Let me introduce you to Milton Glaser
I’m almost certain you haven’t heard the name of Milton Glaser.
But you probably know at least one of his works of art – the famous logo: I love NY
In his book, Art is Work, Glaser says that all the work we do – and by work he’s not just talking about your “9 to 5” job but EVERYTHING you do – falls into just one of three categories
1. Bad Work
Have you ever caught yourself at work thinking: why on earth am I doing? This is an hour of my life I’ll never have back…”
That’s Bad Work.
In organizations, it often comes under the label of bureaucracy.
It’s the meetings that go on and on and on with no seeming end.
It’s the paperwork that “they” need you to complete – for no apparent purpose.
It’s the processes that date back to the 1970s and create ten steps when there needs to be only one…
Richer Sounds is an audio and hi-fi store in the UK. It’s highly successful – in fact, it’s been in the Guinness Book of Work Records for years for its sales success.
And it has something called the “Cut the Crap Committee.”
And for Bad Work, the test is simple. If you suspect there would be work for a ‘Cut the Crap Committee’ of your own, then you’ve got Bad Work on your hands.
(Remember, the test here is not how well you do the work. In fact, part of the curse of Bad Work is that most of us can deliver it at an excellent standard!)
2. Good Work
Good Work is what most of us do most of the time.
There is certainly no shame attached with doing Good Work. You're doing work that uses your skills, it gets stuff done, it pays you a wage.
Organizations love people doing Good Work because this is the work that is profitable, efficient and largely error-free.
But Good Work has its limitations. At an organizational level, it’s work that will sooner or later become commoditized. And at both an organizational and personal level, it’s work that creates a comfortable rut. It’s work that doesn’t bring out the very best of the organization, and it doesn’t call forth the full potential of the people doing it.
And the real danger is that in today’s lean, outsourced and tech-savvy firms, there’s so much Good Work that could be done that it eclipses the time and space to do Great Work.
3. Great Work
Great Work is that work that challenges and inspires, which brings with it risk and reward, exhilaration and sometimes terror.
At an organizational level, Great Work is something that everyone CEO proclaims as important – innovation, “Blue Ocean Strategy”, differentiation – and finds a challenge to implement, as there is an inherent tension between the promise of Great Work and the reliability of Good Work.
At a personal level, Great Work is a place where impact and effect trump efficiency and process. It is a place of inspiration, where suddenly all your past makes sense ("A-ha! That's why I did that, learned that, screwed that up, experienced that!"). Great Work is a place that honors your skills, your passion and your experience.

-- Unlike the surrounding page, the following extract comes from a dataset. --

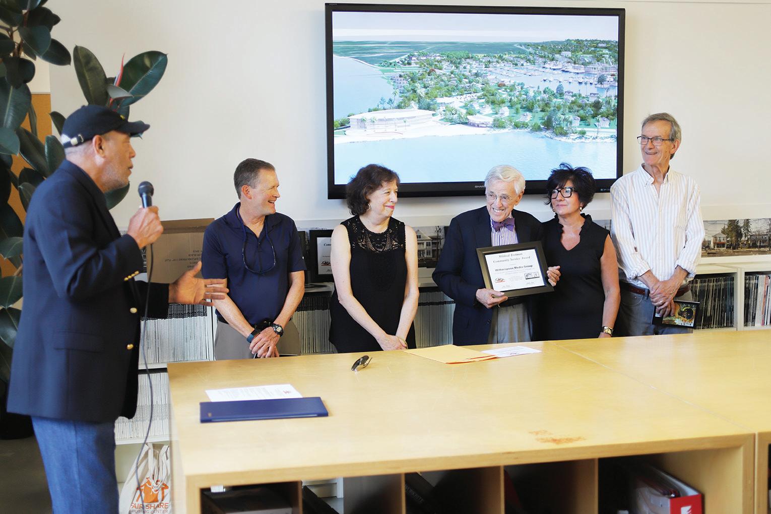 AMONG THE HONORS: Witherspoon Media Group was among the organizations and individuals recognized at the August 1 opening reception for the annual Joint Effort Safe Streets Summer Program, held at the offices of Studio Hillier on Witherspoon Street. From left: Joint Effort Founder and Director John Bailey, Town Topics Sports Editor Bill Alden, Staff Writer Anne Levin, Publisher Bob Hillier, Operations Director Melissa Bilyeu, and Staff Writer Don Gilpin. (Photo by Jeffrey E. Tryon)

Great Work is also a difficult place to be. The temptation to "downgrade" to the comfort of Good Work is constant. Your "inner critic" is rampant, whispering "Who are you to try this? Who do you think you are to be this ambitious? Don't you know you're doomed to failure?"
From Idea to Action: Something to Practice
Here's a quick exercise. Draw a circle and divide it into three segments that represent the proportion of each of these types of work in your life today.
How much Great Work are you doing? Good Work? Bad Work?
Having asked thousands of people this question around the world, the typical answer is something like this:
- Bad Work: 10 – 40%
- Good Work: 50 – 80%
- Great Work: 0 – 25%
And knowing this now, you're faced with the realization that it’s your decisions – what you say Yes to, what you say No to – that has the great impact on what this “pie” looks like.
So, thinking about your work right now…
- What would you have to say "no" to, to double the amount of Great Work in your life?
- What would you have to say "yes" to, to halve the amount of Bad Work in your life?